Se quedaron un momento callados. Ida sabía que había algo más, pero decidió sonsacárselo a Midas más tarde.

—Voy a preparar el té —anunció Henry; a continuación esbozó una sonrisa forzada y dejó a Ida en la mesa mientras él iba a la cocina.

Vertió agua hirviendo sobre las hojas de té, mientras se decía que de nada serviría revelar a Ida lo que yacía en el fondo de la turbia laguna. Suponía que ése había sido también el razonamiento de Midas. La pobre chica estaba allí porque él era su último recurso, y Henry no sabía cómo convencerla de que no podía ayudarla; además, era consciente de que tampoco había sabido persuadir de ello a Midas. Vio cómo las hojas de té se doblaban y expandían en el agua.

Ida entró cojeando en la cocina.

—Perdóname —se disculpó Henry—. Me parece que me has interpretado mal.
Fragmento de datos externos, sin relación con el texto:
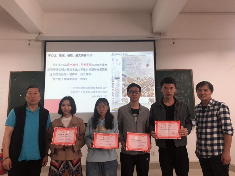 3.李心怡、陈城、杨皓、戚文娟等同学(2015级城市规划本科等):在2018全国高等院校城乡规划专业大学生乡村规划方案竞赛中,方案“育水渔村,予景与民”荣获三等奖,获科城奖学金三等奖;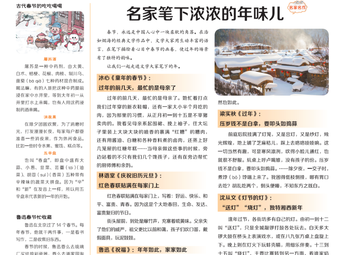比如,学完《北京的春节》后,可以阅读更多名家对春节的描述,比如冰心、林语堂、鲁迅笔下的春节,又各有什么特色,通过学习写作手法,积累高级词汇,让孩子从“凑字数”进阶到“下笔如有神”。

No siento ninguna aversión por Midas por culpa de su padre. En realidad... se trata... de su madre. He de ser sincero contigo.

—Antes la has mencionado.

—Sí. Por favor, ten en cuenta que te lo digo en la más estricta confianza.

Henry se quedó mirando fijamente el vapor que se alzaba del cazo. Como recordaba de su primer encuentro con Ida en el verano, la joven tenía la habilidad de abrirte el caparazón y meterse bajo tus capas más sensibles.

—Estás enamorado de ella.

—Sí y no —contestó Henry Fuwa, agachando la cabeza—. Ya no, creo. —Confiaba en que su sinceridad ayudara a la chica a aceptar lo que iba a explicarle sobre el cristal.

—¿Tuviste una aventura con ella?

—No todo el mundo puede hablar... con tanta libertad como tú, Ida.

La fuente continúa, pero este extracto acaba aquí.